Five Habits of a Bad Money Manager


If you struggle with money management, you’re probably struggling with other issues as well. While many people grappling with medical bills and unforeseen expenses are not to blame, others have the resources and lack the motivation to succeed. If this sounds familiar, review the habits below. Their presence in your life could be a catalyst for larger problems.

Bad habits include:

1. Take a look at your closets. Now look at your dining room table. Would you be comfortable allowing guests to wander through these areas? If the answer is no, you’re probably messy by nature. There’s nothing wrong with a little clutter, but living in a borderline hoarding zone is cause for concern. If your physical space is in shambles, your financial space probably needs some attention as well. Start by clearing out the clutter and reviewing our budget template. Both will help you reclaim order in your life.

2. You’re not a fan of waiting around. Standing in line, cooking meals and even driving to work make you crazy. While you may dismiss this behavior as Type A, there’s another word for it: impatience. If your day-to-day seems like a never-ending nail-gnasher, I’m guessing you don’t take the time to sit down and focus on financial stability, either. Sure, creating a budget and savings plan isn’t glamourous entertainment, but it’s a necessary part of living responsibly. Schedule an hour of financial review every week to ensure your money issues are well managed. Your credit score will thank you.

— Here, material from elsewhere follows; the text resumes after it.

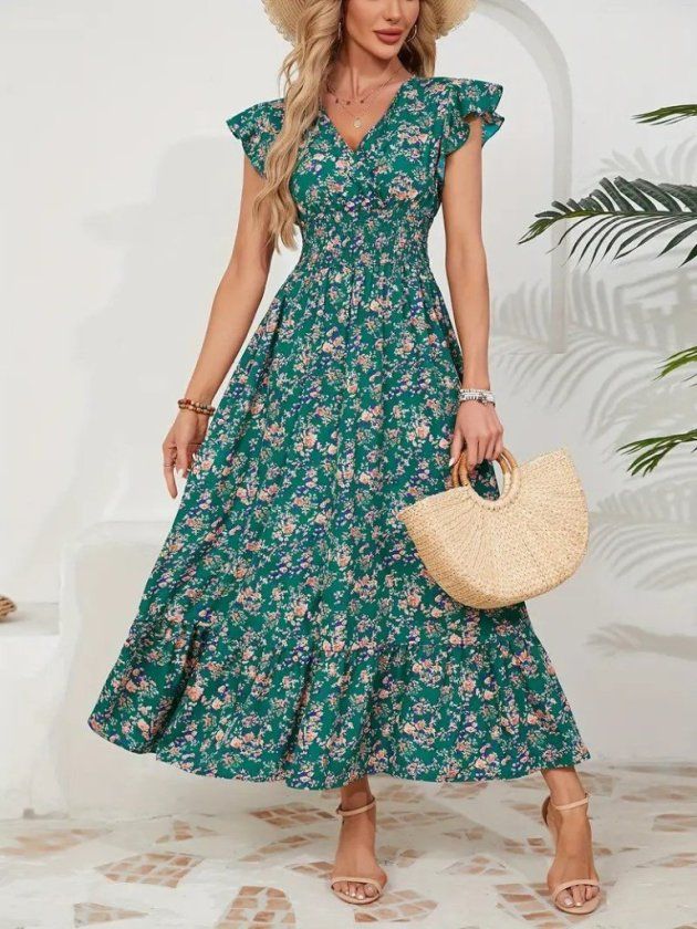 Kadın Kısa Kollu Kruvaze Yaka Beli Lastikli çiçek Desenli Elbise
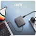 USB-C konektor je vyhrazen pouze pro napájení a současné dobíjení notebooků pomocí technologie Power Delivery 3.0 výkonem až 100W. Do hubu zapojíte USB-C Power Delivery nabíječku a hub připojíte k notebooku. Tím také uvolníte jeden USB-C port. Podmínkou je notebook s podporou nabíjení z USB-C portu pomocí Power Delivery a vhodná PD nabíječka.

3. If you avoid conflict, sharp objects and general discomfort, then congratulations: you’re normal. No one looks forward to dealing with life’s hard questions, but avoiding the subject completely will only lead to greater worries down the road. In the case of personal finance, avoiding unpaid bills can damage your credit, drain your savings and even cause bankruptcy. Take the smart route by dealing with your issues now and contacting your creditors. They may be willing to help you weather a bad situation. 

4. The Eeyores and Debbie Downers of the world can always find the worst in things. Every opportunity is also a potential failure. If this sounds like you, then you’re a classic catastrophizer; that is, someone who immediately fears the worst. While you may have some baggage to sort out, adopting this mindset is dangerous, especially where personal finance is concerned. For example, suppose a friend recently tells you about her plan to save for retirement. You respond with, “Good for you, but it’s not like it’ll ever be enough. This country is too expensive and Social Security will be bankrupt soon. Why bother?”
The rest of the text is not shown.